From the Public Health Service Reye Syndrome Task Force, consisting of members from the Centers for Disease Control, Food and Drug Administration, and National Institutes of Health, US Department of Health and Human Services, Atlanta.

JAMA. 1987;257(14):1905-1911. doi:10.1001/jama.1987.03390140075030
Abstract

Between January 1985 and May 1986, following completion of a pilot study, a main study concerning the possible association between Reye's syndrome and salicylates was conducted. Twenty-seven patients with stage II or deeper Reye's syndrome whose diagnoses were confirmed by an expert panel and who had appropriate antecedent illnesses (chickenpox, respiratory illness, or gastrointestinal illness) prior to the onset of Reye's syndrome were compared with 140 controls matched for age, race (black or not black), and type and timing of onset of antecedent illness.
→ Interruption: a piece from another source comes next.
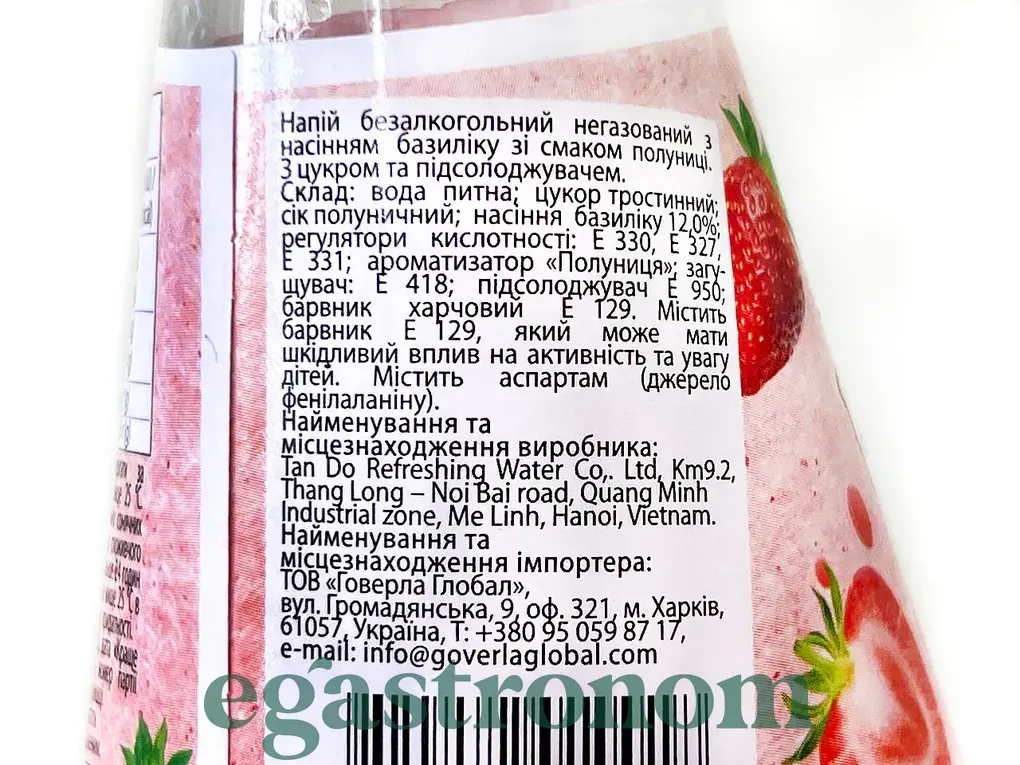 Легкий, приємний та освіжаючий напій, який хочеться пити знову і знову. Ніжний полуничний смак із приємною текстурою насіння базиліку. Ідеально для тих, хто любить натуральні смаки з родзинкою. Кількість на палеті: 2304шт.

Controls were selected from the same hospital, emergency room, or school as case-patients or were identified by random-digit telephone dialing. As in the pilot study, a strong statistical association with ingestion of salicylates during the antecedent illness and prior to the onset of Reye's syndrome was observed (odds ratio, 40; lower 95% confidence limit, 5.8). Analysis of the independent risk of aspirin and nonaspirin salicylates revealed a significant association with aspirin (odds ratio, 26; lower 95% confidence limit, 6.4); the independent risk of nonaspirin salicylates could not be assessed because only two cases were not exposed to aspirin. Assessment of epidemiologic issues of concern, including case-control differences in the severity of the antecedent illness, did not explain the high odds ratios that were observed. The high percentage of patients with Reye's syndrome exposed to salicylates (≥90%) in this and prior studies suggests that, though the reported incidence of Reye's syndrome has declined in recent years, concomitant with a decline in salicylate use among children, a majority of Reye's syndrome cases may be attributable to salicylate use.